EXERCISE PROMPT:
Extract only the first line of the listing and every line after it up to and including the one with "Den Teig halbieren". Omit the pictures.

DATA SECTION:
◇ ◇ ◇ ◇

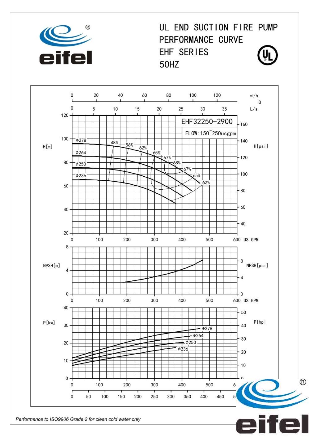 EHF pumps are designed in accordance with all requirements of UL standard for safety (UL448). EHF pumps are optimized hydraulic pump design, brought high efficiency and the performance of energy conservation.
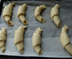 Den Teig halbieren und jeweils dünn und rund auswellen. Mit dem Pizzarädchen "Kuchenstücke" schneiden und diese von der breiten Seite zur Spitze hin aufrollen. Die Spitze sollte sich dann unter dem Hörnchen befinden wenn es aufs Blech kommt (sonst rollt sich das Hörnchen auf).
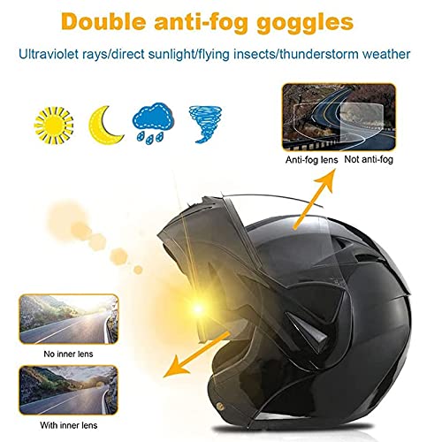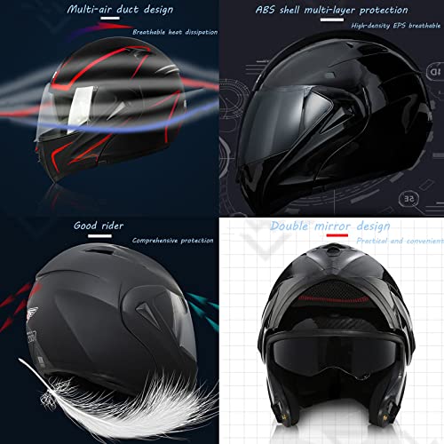 [DUAL FRONT-VIEW MIRROR SUN VISIERA E DESIGN SPORTIVO]: Casco moto anteriore ribaltabile con visiera parasole a doppio strato, antiappannamento esterno ad alta definizione, antiriflesso interno, tutte le alette parasole sono sostituibili e hanno un rivestimento antigraffio, "Anti-Haze" è fornito in condizioni meteorologiche estreme come la bassa temperatura e la stagione delle piogge e può rispondere rapidamente alla forte luce solare.
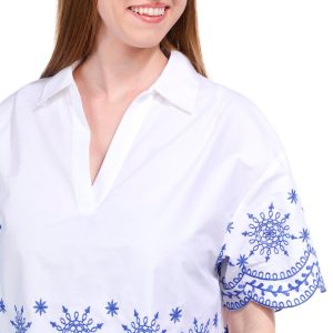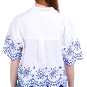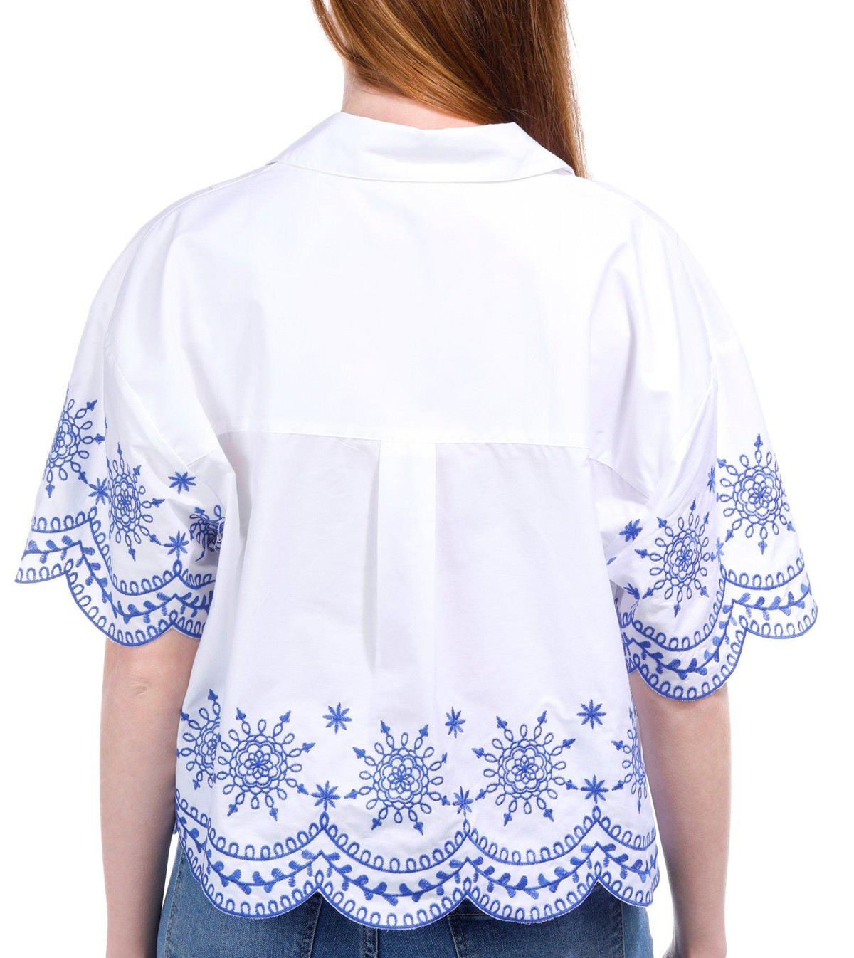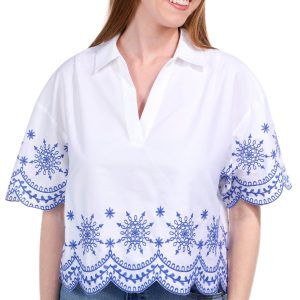 Our Short Sleeve Embroidered Top features a scalloped hem, embroidered design, short sleeves, and a split collared neckline. This lightweight piece adds a touch of charm to any casual outfit, perfect for warm days. Fabrication is 100% cotton.

◇ ◇ ◇ ◇

THE ANSWER:
 EHF pumps are designed in accordance with all requirements of UL standard for safety (UL448). EHF pumps are optimized hydraulic pump design, brought high efficiency and the performance of energy conservation.
 Den Teig halbieren und jeweils dünn und rund auswellen. Mit dem Pizzarädchen "Kuchenstücke" schneiden und diese von der breiten Seite zur Spitze hin aufrollen. Die Spitze sollte sich dann unter dem Hörnchen befinden wenn es aufs Blech kommt (sonst rollt sich das Hörnchen auf).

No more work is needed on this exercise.